(urth) Drotte-Roche mixup
António Marques
entonio at gmail.com
Sun Apr 17 16:28:04 PDT 2011
David Stockhoff wrote:
> Wolfe as a writer has been working against the kind of analysis that
> allows for authorial error in the case of obvious discrepancies that
> have no possible meaning consistent with the rest of the work? That,
> i.e., authors are infallible?
I wasn't even commenting on that, rather on your 'the chapter might have
been insufficiently rewritten' bit. Wolfe has been working against the
kind of analysis that wants art to be shaped according to certain
parametres. The chapter is what it is; barring some strong evidence to
the contrary, it is just how the author intended it to be.
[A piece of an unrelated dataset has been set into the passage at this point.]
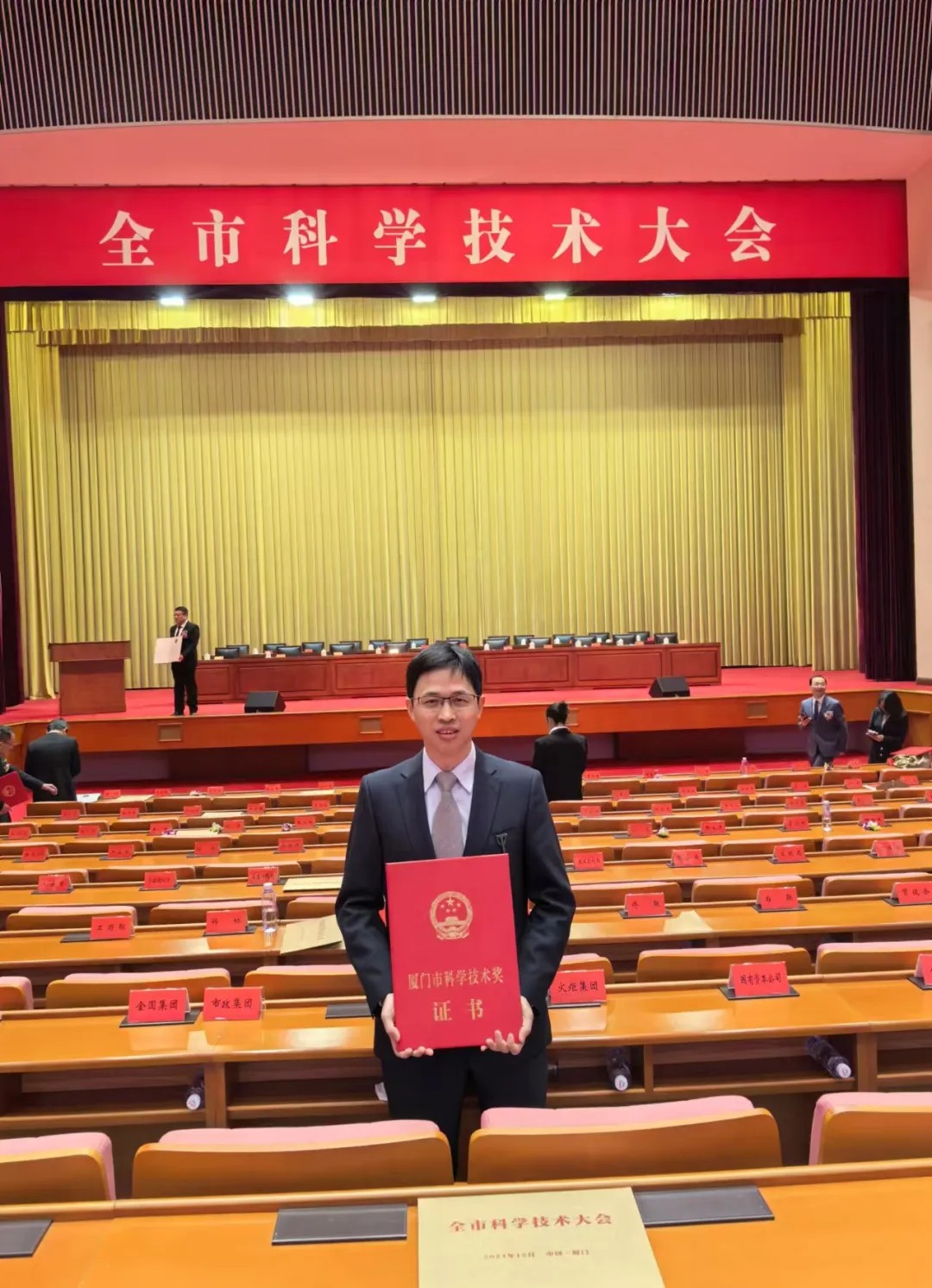 12月16日,廈門(mén)市科學(xué)技術(shù)大會(huì)在廈門(mén)人民會(huì)堂隆重舉行,大會(huì)現(xiàn)場(chǎng)為獲得2023年度廈門(mén)市科學(xué)技術(shù)獎(jiǎng)的科研人員代表頒獎(jiǎng)。由廈門(mén)眼科中心作為第一完成單位,斜視與小兒眼科修陽(yáng)暉博士、眼外傷及眼底2科李海波博士所在團(tuán)隊(duì)共同完成的“兒童眼健康防治體系的建設(shè)”項(xiàng)目喜獲廈門(mén)市科學(xué)技術(shù)進(jìn)步獎(jiǎng)三等獎(jiǎng),修陽(yáng)暉博士應(yīng)邀出席盛典并代表科研團(tuán)隊(duì)領(lǐng)獎(jiǎng)。
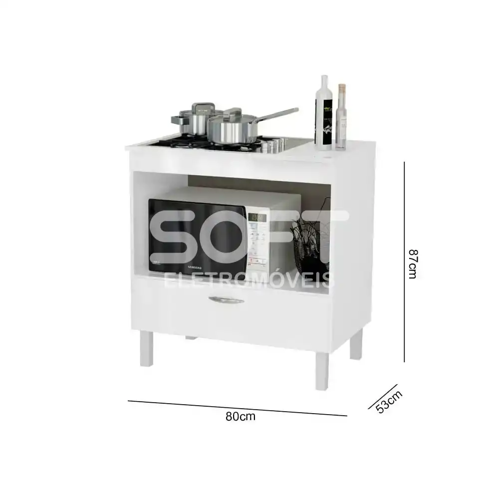 BALCAO DACHERI P/COOKTOP 1G FLORIDA 80CM BRANCO

I'm talking about critics who go on about how a particular work should
have more of this or less of that based on what they think would be more
didactical to the target audience. Do they think when the author reads
their critic, he'll slap his forrid like 'Damn, if only I'd though of
that!'? Certainly it's a rare work of art that its author will think is
perfect; but if there should have been anything different - and most of
the time there isn't any identifiable thing - it's seldom if ever what
such critiques suggest.
Certainly I think the Book of the Long Sun has 135% the length it should
have, but I wouldn't know how to correct that. 'Editing' isn't an
answer, unless it means returning the manuscript with the single
recommendation of 'shorten it' until the author could find out how to do
it himself.
> Or was Drotte momentarily Roche, or Roche Drotte?
>
> Is Severian to be seen, on the basis of one passage, as a clumsy
> bumbling oaf who can't remember anything? Does it mean that he really
> doesn't have a good memory at all but that he pretends and makes things
> up and isn't even very good at it, except that 100% of the rest of the
> time he's extremely good at it?
No, he isn't. His memory is convincingly good in what regards
recollecting even minor events, but can be faulty when it comes to the
details of those events (usually the unimportant ones, but who knows).
> Hey, maybe he made up the whole
> acid-trip to Yesod.
>
> It's not OUR theory that would make analysis of BOTNS impossible---it's
> yours. It's certainly possible that we could discover "errors" that are
> explained by Thecla's or some other's presence in his brain, but this is
> not one of them. YOU are going to have to convince US, Antonio.
I am going to have to convince YOU in order for ME to remain convinced
of what I am convinced??
> Or maybe we could agree that GW the translator screwed up, but Wolfe can
> commit no error.
You seem hung up on the idea that the opposition to the idea that this
is a mistake entails the belief that GW the real person doesn't make
mistakes. I'm yet to see where you got that idea from.